Crate arpfloat

Expand description

ARPFloat is an implementation of arbitrary precision floating point data structures and utilities. The library can be used to emulate existing floating point types, such as FP16, and create new floating point types. Floating point types can scale to hundreds of digits, and perform very accurate calculations.
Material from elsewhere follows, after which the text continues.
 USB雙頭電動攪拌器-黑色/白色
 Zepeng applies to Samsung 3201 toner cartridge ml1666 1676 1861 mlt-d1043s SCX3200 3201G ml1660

In ARPFloat the rounding mode is a part of the type-system, and this defines away a number of problem that show up when using fenv.h.

Example

  use arpfloat::Float;
  use arpfloat::FP128;

  // Create the number '5' in FP128 format.
  let n = Float::from_f64(5.).cast(FP128);

  // Use Newton-Raphson to find the square root of 5.
  let mut x = n.clone();
  for _ in 0..20 {
      x += (&n / &x)/2;
  }

  println!("fp128: {}", x);
  println!("fp64:  {}", x.as_f64());

The program above will print this output:

fp128: 2.2360679774997896964091736687312763
fp64:  2.23606797749979

The library also provides API that exposes rounding modes, and low-level operations.

    use arpfloat::FP128;
    use arpfloat::RoundingMode::NearestTiesToEven;
    use arpfloat::Float;

    let x = Float::from_u64(FP128, 1<<53);
    let y = Float::from_f64(1000.0).cast(FP128);

    let val = Float::mul_with_rm(&x, &y, NearestTiesToEven);

View the internal representation of floating point numbers:

   use arpfloat::Float;
   use arpfloat::FP16;

   let fp = Float::from_i64(FP16, 15);

   fp.dump(); // Prints FP[+ E=+3 M=11110000000]

   let m = fp.get_mantissa();
   m.dump(); // Prints 11110000000

Control the rounding mode for type conversion:

    use arpfloat::{FP16, FP32, RoundingMode, Float};

    let x = Float::from_u64(FP32, 2649);              // Load an FP32 Value.
    let b = x.cast_with_rm(FP16, RoundingMode::Zero); // Convert to FP16.
    println!("{}", b);                                // Prints 2648!

Define new float formats and use high-precision transcendental functions:

  use arpfloat::{Float, Semantics, RoundingMode};
  // Define a new float format with 120 bits of accuracy, and dynamic range
  // of 2^10.
  let sem = Semantics::new(10, 120, RoundingMode::NearestTiesToEven);

  let pi = Float::pi(sem);
  let x = Float::exp(&pi);
  println!("e^pi = {}", x); // Prints 23.1406926327792....

Floating point numbers can be converted to Continued Fractions that approximate the value.

 use arpfloat::{Float, FP256, RoundingMode};

 let ln = Float::ln2(FP256);
 println!("ln(2) = {}", ln);
 for i in 1..20 {
   let (p,q) = ln.as_fraction(i);
   println!("{}/{}", p.as_decimal(), q.as_decimal());
 }

The program above will print this output:

  ln(2) = .6931471805599453094172321214581765680755001343602552.....
  0/1
  1/1
  2/3
  7/10
  9/13
  61/88
  192/277
  253/365
  445/642
  1143/1649
  1588/2291
  2731/3940
  ....

Structs

BigInt

This is a fixed-size big int implementation that’s used to represent the significand part of the floating point number.

Float

This is the main data structure of this library. It represents an arbitrary-precision floating-point number.

Semantics

Controls the semantics of a floating point number with: ‘precision’, that determines the number of bits, ‘exponent’ that controls the dynamic range of the number, and rounding mode that controls how rounding is done after arithmetic operations.

Enums

RoundingMode

Defines the supported rounding modes. See IEEE754-2019 Section 4.3 Rounding-direction attributes.

Constants

FP16

Predefined FP16 float with 5 exponent bits, and 10 mantissa bits.

FP32

Predefined FP32 float with 8 exponent bits, and 23 mantissa bits.

FP64

Predefined FP64 float with 11 exponent bits, and 52 mantissa bits.

FP128

Predefined FP128 float with 15 exponent bits, and 112 mantissa bits.

FP256

Predefined FP256 float with 19 exponent bits, and 236 mantissa bits.